Here is a bit shorter (mostly because I made the variable/function names shorter) solution which does the exact same thing, but is a little harder to follow. Also, instead of using "yield", Seq.append can be used to concatenate two arrays.

``````
let h l =
Seq.map2 (fun a b -> a + b) (Seq.append [0I] l) (Seq.append l [0I]) |> Seq.toList

let rec p x =
let r = match x with
| 1 -> [1I]
| _ -> p(x - 1) |> h
printfn "%A" r
r

[<EntryPoint>]
let main argv =
p 10 |> ignore
0``````

There you have it!
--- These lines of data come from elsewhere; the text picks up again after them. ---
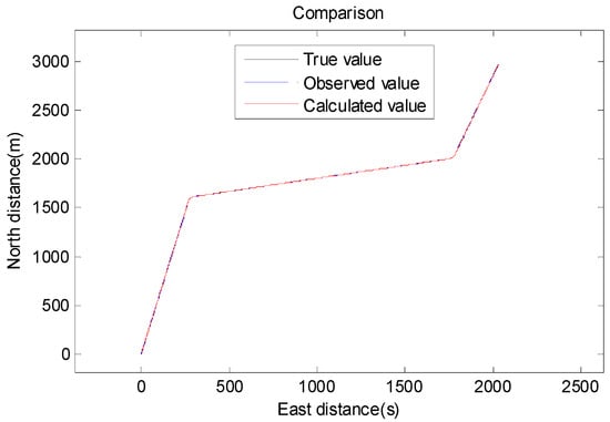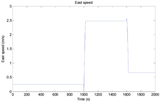 In order to verify the accuracy and stability of the filtering process, we established a motion model in which the state of motion changed with time. We assumed that the AUV’s travel time was 2000 s. First, the AUV traveled in a straight line with a north velocity of 2.57 m/s and an east velocity of 0.27 m/s for 1000 s. Then, a heading rate of change of AUV to the east was used for steering, and the course change time was 25 s. Then, the speed was maintained after steering from 1025 s to 1600 s. A heading rate of change of 3°/s to the north was used for turning at the time of 1600 s, and the course change time was 25 s. Finally, the AUV continued in a straightforward direction after turning. From 1000 s to 2000 s, the drive speed was 5 (2.57 m/s). The process of motion is shown in Figure 3 and Figure 4.
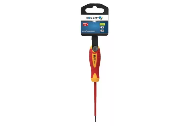 - Izolowany wkrętak płaski o długości 100 mm zapewniający bezpieczeństwo do 1000V
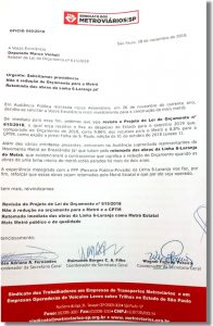 Sindicato protocola emenda ao PL do Orçamento: mais recursos para o Metrô
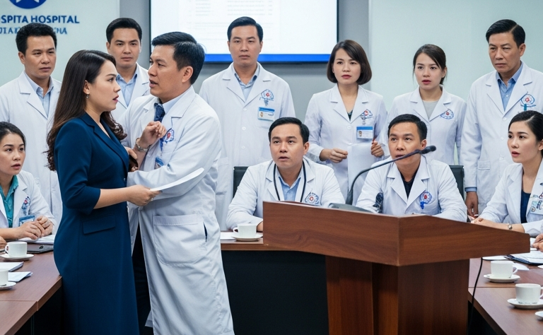 Giám đốc cùng vài bác sĩ khác đang họp, thấy cô đến, tưởng có việc gấp.
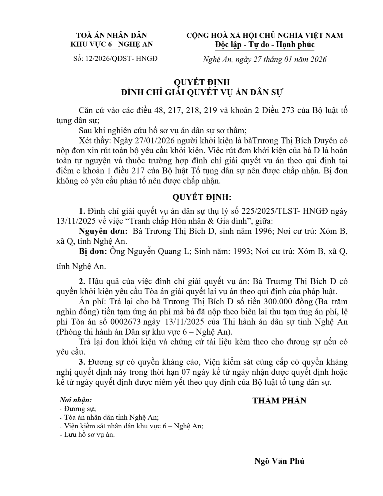 Quyết định số 12/2026/QĐST-HNGĐ ngày 27/01/2026 của Tòa án nhân dân khu vực 6 - Nghệ An, tỉnh Nghệ An về vụ án ly hôn về mâu thuẫn gia đình

To show a comparison, here is the same thing in C#

``````
class Program
{
static BigInteger[] PascalsHelper(BigInteger[] previousList)
{
var zero = new[] { new BigInteger(0) };
var leftSide = zero.Concat(previousList);
var rightSide = previousList.Concat(zero);

var result = new BigInteger[previousList.Length + 1];

using (var leftEnum = leftSide.GetEnumerator())
using (var rightEnum = rightSide.GetEnumerator())
{
// We know the length of the enumerables, so no need to bounds check the MoveNext() calls.
for(var i = 0; i < result.Length; i++)
{
leftEnum.MoveNext();
rightEnum.MoveNext();
result[i] = leftEnum.Current + rightEnum.Current;
}
}

return result;
}

static BigInteger[] Pascals(int depth)
{
var current = 1 == depth ? new[] { new BigInteger(1) }
: PascalsHelper(Pascals(depth - 1));
Console.WriteLine(String.Join(" ", current));
return current;
}

static void Main(string[] args)
{
Pascals(10);
}
}``````

The solution doesn't seem very "C#" to me. But it works!